安寧なる世へ
最終章になります、ここまでお付き合い下さいまして心から御礼申し上げ致します。
「いや~ダメだ! 全身から力が抜けた、梅 済まぬが暫くこのままにさせてくれ!」
「はい、ごゆっくり力を抜いて休まれて下さい、梅が見守っております」
那須資晴は三度目となる湯西川温泉に来ていた、最初に訪れた時は僅か五才の童の時であり今は51才となり何時しか壮年の境を越えていた、話は少し遡るが半年前に資晴は将軍の座を北条氏直に明け渡し隠居の身となった、諸宗寺院諸法度を発布し僧侶達に履行させる為に二年間目を光らさせ監視した上で1608年春に将軍の座から降りたのである、その一年前から代替わりする為に何度も三家と談合を繰り返し次の将軍は北条氏直に決まった経緯があった。

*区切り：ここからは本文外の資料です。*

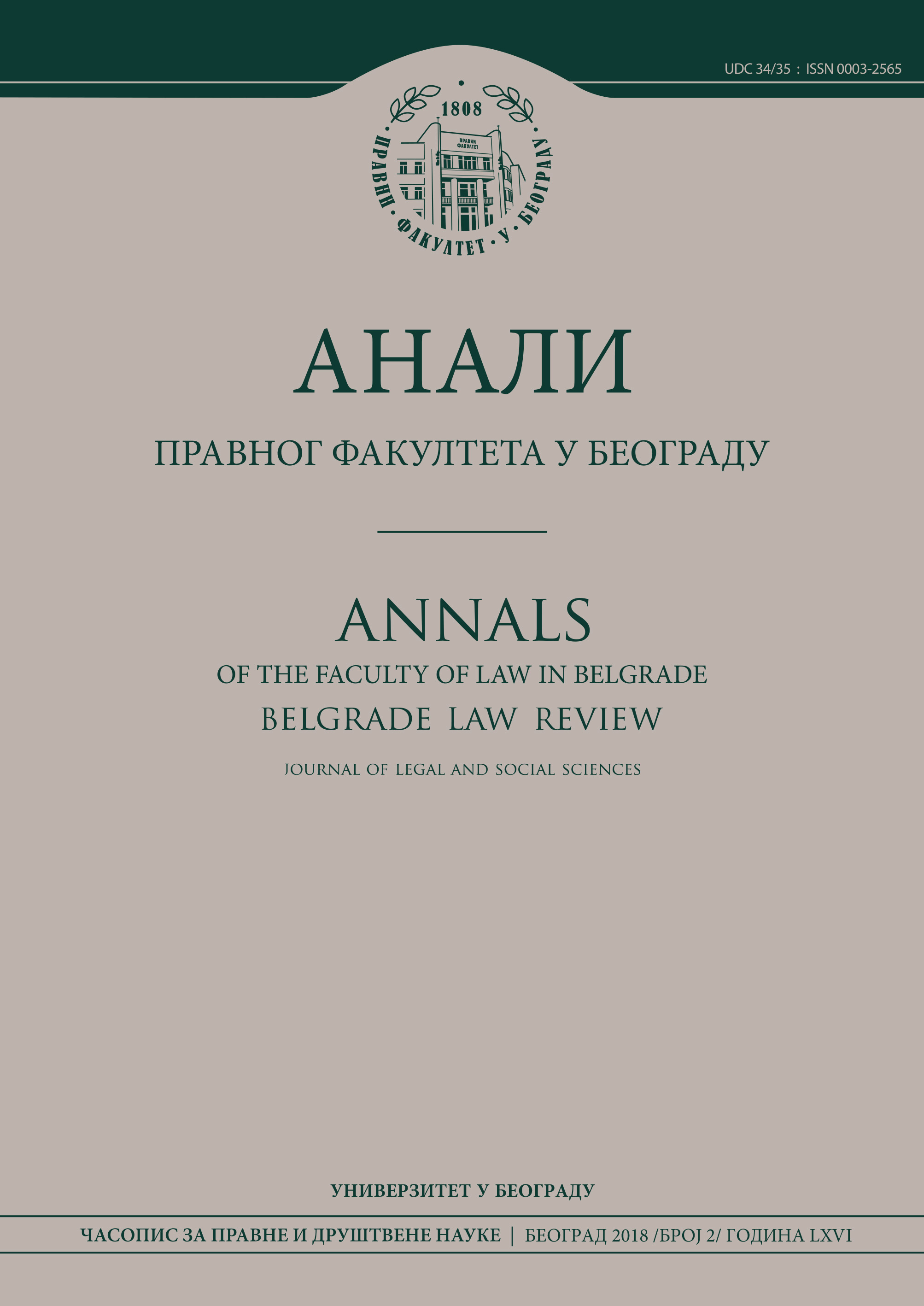 Cover of Serbian scientific journal Annals of The Faculty of Law in Belgrade Српски (ћирилица): Насловна страница српског научног часописа Анали Правног факултета у Београду
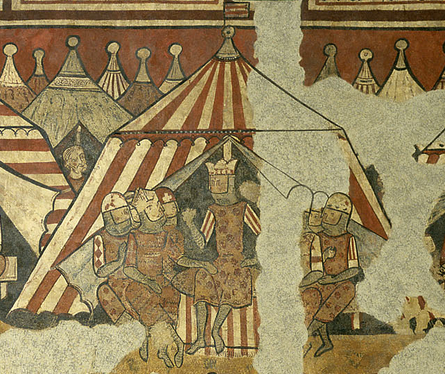 Jaume el Conqueridor
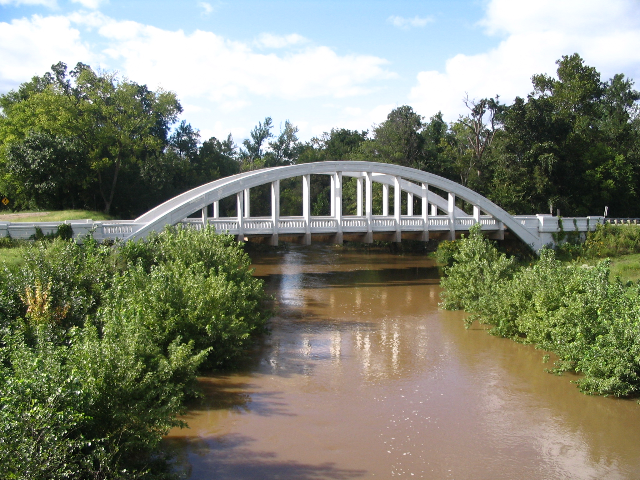 Old Rainbow Marsh Bridge on old Route 66 between Riverton KS and Baxter Springs, KS
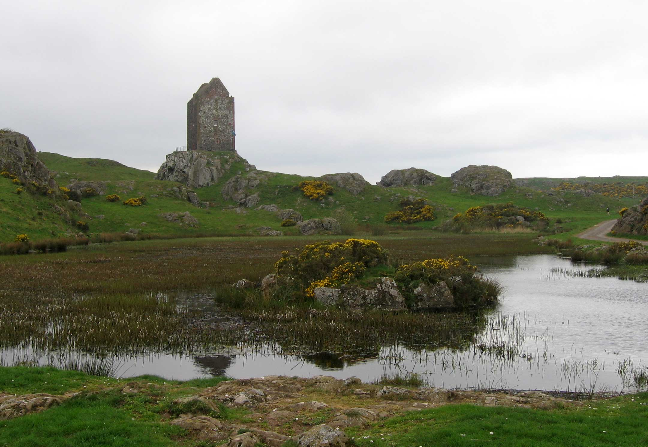 Smailholm Tower, Scotland, view from the east across the lochan from near Sandyknowe Farm, childhood home of Walter Scott.
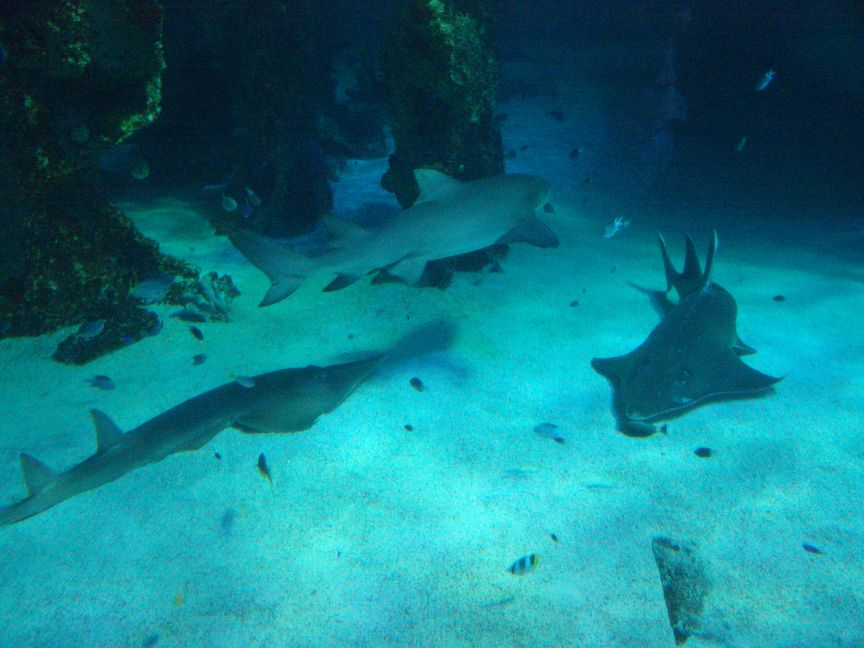 Sydney aquarium, by Dylerpillar found on Flickr
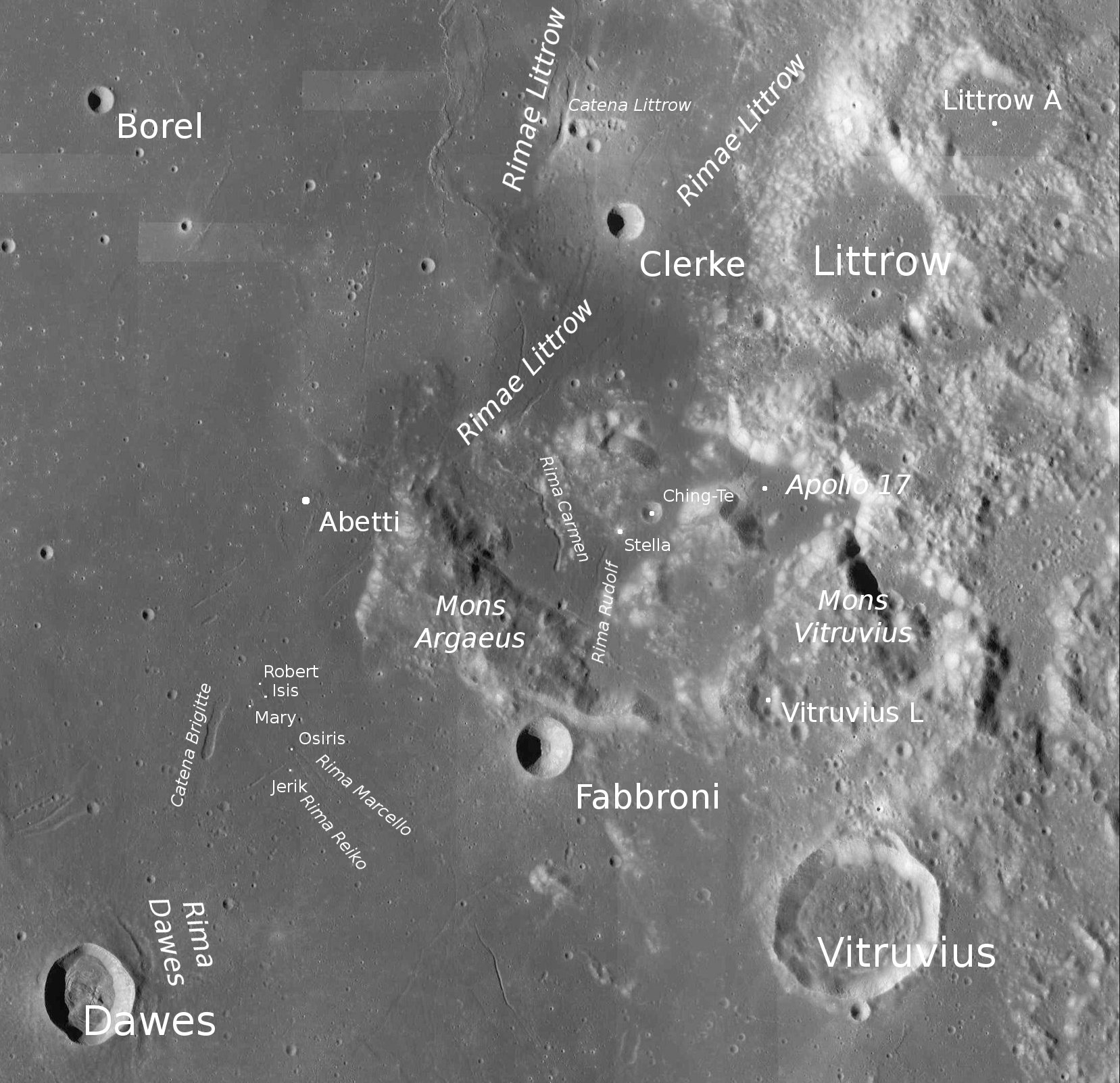 Craters Littrow, Dawes and Vitruvius with Apollo 17 landing site (detail of LROC - WAC global moon mosaic)

小田守治も勿論候補者であったが江戸の町を作った功労を考えれば北条家で当主である氏直殿が相応しいとしてやんわり断り決着した、資晴の命を削る政に接していた守治は引退後には寄り添う者が必要との判断で幼い頃より共に歩いた戦友としての判断であった。
そして無事に代替わりを終えて見知った者を従えて湯西川の地、始まりの地に訪れていたのである。
湯舟に浸かり寝てしまった資晴、それを見届けそっと湯船から出た梅は侍女達を呼び資晴を運び出し寝床に移した、湯西に訪れてからの資晴は46年間に溜まりに溜まった疲れを解きほぐす様に温泉に浸かっては湯船で寝てしまうという事を何度も繰り返していた、温泉には疲れを癒す効果と日頃の疲れが温泉によって体から出る効果がある、一見似ているが別と言えた、実は温泉の浴場では湯に浸かりながら亡くなる人が多数いる、資晴の様に湯船で寝てしまうケースは一番危険と言える、気持ちの良さについつい目を瞑り寝てしまうと、いつしか脱水を起こし力が入らず放置していると起き上がれずに本当に永眠してしまう。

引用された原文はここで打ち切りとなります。